Michy Batshuayi, do Marseille, e Wissam Ben Yedder, do Toulouse, dividiram o quarto lugar com 17 gols cada. Batshuayi ainda acrescentou 9 assistências à conta, sendo um dos jogadores mais completos ofensivamente entre os que não disputaram o título.
No ranking de assistências, Ángel Di María liderou com 18 passes decisivos em apenas 29 partidas, somando ainda 10 gols — participação direta em 28 tentos, desempenho raramente visto em uma única temporada. Ibrahimović apareceu em segundo com 13 assistências, consolidando sua presença dupla nos rankings. Ryad Boudebouz, do Montpellier, completou o pódio com 11 assistências e apenas 2 gols em 38 jogos, revelando um perfil predominantemente criativo.
Os destaques individuais em gols e assistências:
- Artilheiro: Z. Ibrahimović (PSG) — 38 gols / 13 assistências em 31 jogos
- 2º artilheiro: A. Lacazette (Lyon) — 21 gols / 3 assistências em 34 jogos
- 3º artilheiro: E. Cavani (PSG) — 19 gols / 5 assistências em 32 jogos
- 4º artilheiro (empate): M. Batshuayi (Marseille) — 17 gols / 9 assistências em 36 jogos
- 4º artilheiro (empate): W. Ben Yedder (Toulouse) — 17 gols / 5 assistências em 35 jogos
- Líder em assistências: Á. Di María (PSG) — 18 assistências / 10 gols em 29 jogos
A revelação da temporada foi Ousmane Dembélé, premiado oficialmente pelo campeonato (Wikipédia), sinalizando a capacidade da Ligue 1 de lançar jovens talentos de projeção continental.

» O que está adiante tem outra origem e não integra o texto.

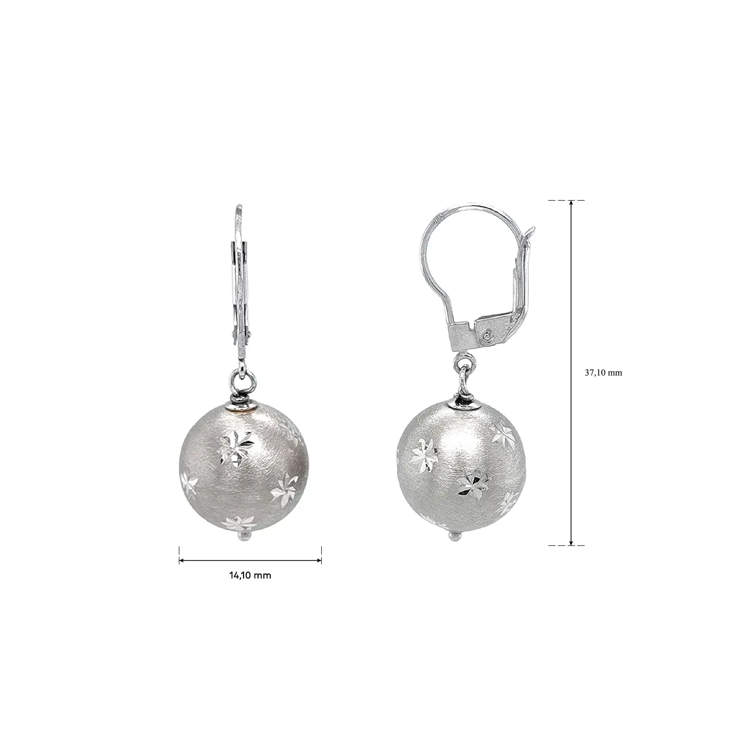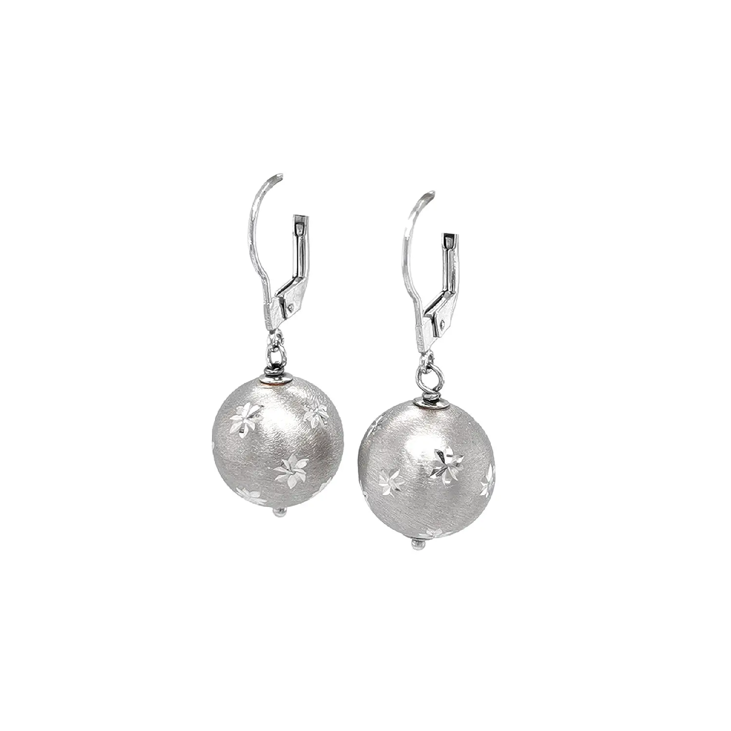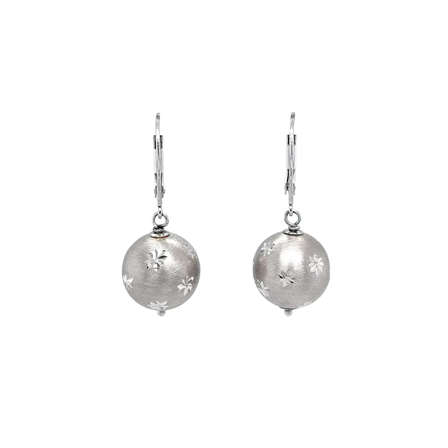 Tyto visací náušnice z bílého zlata s kulovým motivem zaujmou jemně strukturovaným povrchem a dekorativním rytím ve tvaru drobných hvězdiček. Matný efekt v kombinaci s lesklými detaily vytváří elegantní kontrast a dodává šperku lehký, slavnostní charakter.

Disciplina: os mais advertidos da temporada
No campo disciplinar, Yannick Cahuzac (Bastia) e J. Le Moigne (Gazelec FC Ajaccio) lideraram os cartões amarelos com 14 cada, ambos acumulando também 1 cartão vermelho em 31 partidas. J. Kankava (Reims), A. Biyogo Poko (Bordeaux) e R. Saïss (Angers) somaram 12 amarelos cada, com Biyogo Poko destacando-se negativamente com 2 expulsões em 32 jogos.

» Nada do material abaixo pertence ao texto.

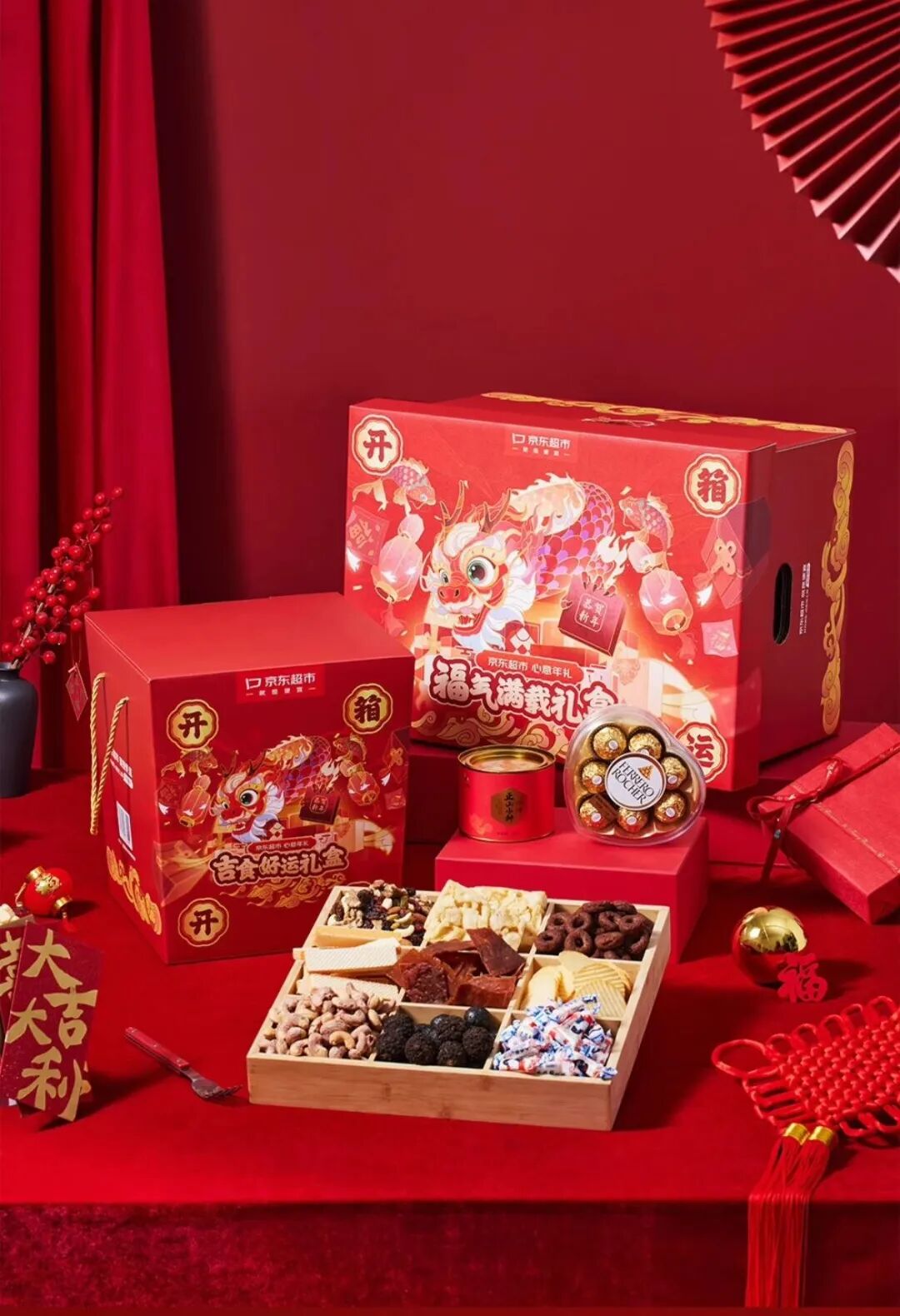 福气满载礼盒的主视觉以及色调沿用了上一款礼盒的设计,此外,画面还结合了经典的福字、纹样元素。

Entre os jogadores com mais cartões vermelhos, quatro atletas chegaram a 2 expulsões na temporada: A. Biyogo Poko (Bordeaux), Y. Sankharé (Guingamp), R. Civelli (Lille) e L. Gassama (Lorient). C. N'Doye, do Angers, completou o grupo dos mais disciplinarmente custosos, com 2 vermelhos e 5 amarelos — mas compensou com 9 gols e 4 assistências em 32 partidas.
Números e curiosidades da temporada
A Ligue 1 2015 produziu estatísticas que merecem registro separado pela magnitude:
- O PSG foi simultaneamente o melhor ataque (102 gols) e a melhor defesa (19 gols sofridos) da competição — combinação que raramente se vê em ligas de alto nível.
- A diferença entre o campeão (96 pontos) e o vice-campeão Lyon (65 pontos) foi de 31 pontos — abismo que evidencia o nível de dominância do clube parisiense.
- Lyon e Monaco terminaram com os mesmos 65 pontos, separados pelo critério de vitórias: 19 a 17.
- O Lille foi o time mais consistente em resultados parciais: exatamente 15 vitórias e 15 empates em 38 jogos.
- O Marseille registrou 18 empates em 38 rodadas — o maior número entre todos os clubes da temporada — e terminou apenas em 13º lugar com 48 pontos.
- Ibrahimović e Di María, juntos, somaram 56 gols e 31 assistências — participação direta em 87 tentos, mais do que qualquer clube do campeonato exceto o próprio PSG (102 gols).
- Foram 960 gols em 380 jogos, média de 2,53 por partida, com público total de 7.920.624 espectadores (Wikipédia).
- O Estac Troyes sofreu 83 gols — exatamente o número do saldo positivo do campeão PSG (+83).